Гормональные препараты обычно используют вне сезона размножения. При этом применяют прогестерон или синтетические гестагены, ГСЖК, ри-лизинг-гормоны (Ерохин А.С., 2013; Rekik M. e.a., 2014). В настоящее время используются усовершенствованные методы введения самкам прогестагенов путем применения внутривлагалищных полиуретановых губок или силиконовых спиралей, пропитанных определенным количеством прогестерона или его синтетических аналогов, например, медроксипрогестерон ацетатом или флуорогестон ацетатом (Powell M.R. e.a., 1996; Айбазов А-М.М. и др., 2007). Но данные приспособления довольно дороги или не имеют официальной регистрации в РФ, позволяющей их использование в практических условиях.

В этой связи представляет интерес изучение эффективности стимуляции эструса у коз в различные сезоны года с помощью применения внутримышечного введения прогестерона совместно с гонадотропинами.

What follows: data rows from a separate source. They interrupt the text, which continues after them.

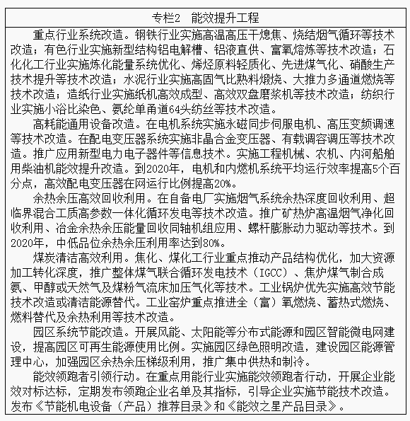 以先进适用技术装备应用为手段,强化技术节能。全面推进传统行业节能技术改造,深入推进重点行业、重点企业能效提升专项行动,加快推广高温高压干熄焦、无球化粉磨、新型结构铝电解槽、智能控制等先进技术。继续推进锅炉、电机、变压器等通用设备能效提升工程,组织实施空压机系统能效提升计划。围绕高耗能行业企业,加快工艺革新,实施系统节能改造,鼓励先进节能技术的集成优化运用,推广电炉钢等短流程工艺和铝液直供,推动工业节能从局部、单体节能向全流程、系统节能转变。提升产品的轻量化水平,推广复合材料、轻合金、真空镀铝纸等高强韧度新型材料,推广超高强度钢热冲压成形技术、真空高压铸造、超高真空薄壁铸造等轻量化成形工艺。普及中低品位余热余压发电、供热及循环利用,积极推进利用钢铁、化工等行业企业的低品位余热向城市居民供热,促进产城融合。实施工业园区节能改造工程,加强园区能源梯级利用,推进集中供热制冷。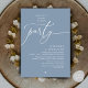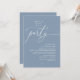Marquez le début de votre pour toujours avec élégance en utilisant notre carte d'invitation de célébration de mariage en fuite sur le thème romantique contemporain bleu poussiéreux, "Fête pour toujours heureux". Parfaite pour les couples qui prolongent leur occasion joyeuse, cette invitation dégage de la sophistication avec une touche de ludicité, préparant le terrain pour un événement mémorable. Orné d'un thème de design de script moderne intemporel, il ajoute une touche de charme raffiné à vos festivités. Conçue par TeeshaDerrick, cette invitation promet de capturer magnifiquement votre histoire d'amour.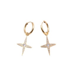 跨境欧美个性钛钢耳饰简约镶锆石十字架不锈钢耳圈气质耳环女批发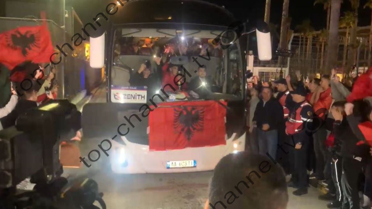 Pas mbërritjes, autobusi i Kombëtares u prit me entuziazëm nga qindra tifozë, të cilët kishin dalë për t’i bërë një pritje të ngrohtë. Flamujt kuq e zi dhe fishekzjarrët ishin pjesë e festimeve që kishin shpërthyer anës rrugës, duke treguar mbështetje të fuqishme për ekipin. Pamjet e këtij eventi emocionues janë siguruar nga Top Channel, që ilustrojnë atmosferën e gëzimit dhe krenarisë për arritjen e lojtarëve.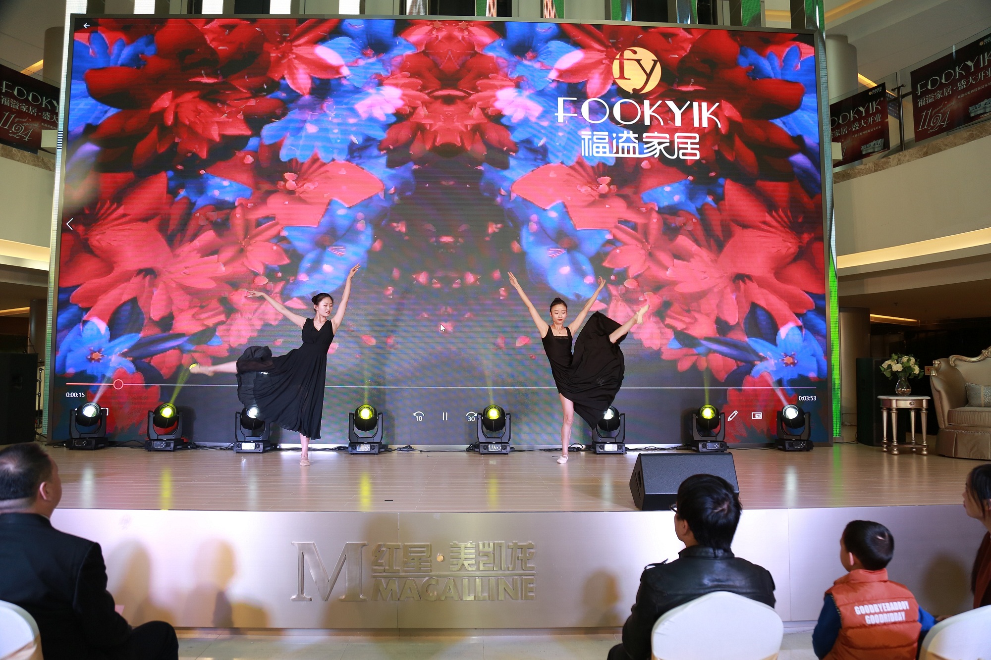 11月24日14:30上海真北店開業(yè)儀式正式開始,精彩優(yōu)美的開場(chǎng)舞《花語傳說》人與視頻完美融合,奏響了活動(dòng)的序曲,叩開生活新主張,開啟原創(chuàng)歐美家具的奢雅家居格調(diào)。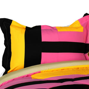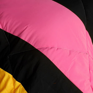 Cette parure de lit moderne et tendance fera une déclaration audacieuse dans votre chambre avec son grand patchwork lumineux et coloré, son motif géométrique en rose clair et vif combiné au noir et au beige. Lavable et séchable en machine. Matériau : housse en polyester microfibre 300 g/m² et rembourrage en polyester hypoallergénique, matelassage doux et haute ténacité.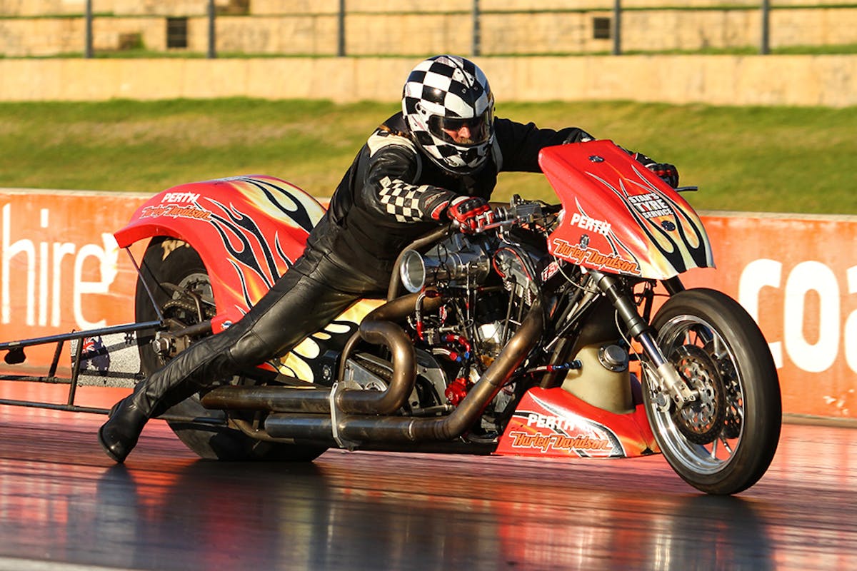 Meanwhile in a strong Top Fuel Motorcycle field, Western Australian Mark Drew came out on top with a 6.586, but was left disappointed he could not get the full potential out of his nitro-fuelled Harley.

В первом эксперименте, проведённом вне сезона размножения, мы изучали результативность стимуляции эструса у коз путём сравнительного применения двух схем введения прогестерона. Первая схема состояла из ежедневного внутримышечного введения козам на протяжении 5-ти дней по 25 мг прогестерона. Особенностью второй схемы было трехкратное введение прогестерона через день, в той же дозировке. Затем в обоих случаях самкам через 48 часов после последней инъекции прогестерона вводили однократно внутримышечно 500 ИЕ ГСЖК и после выявления эструса, их покрывали козлами.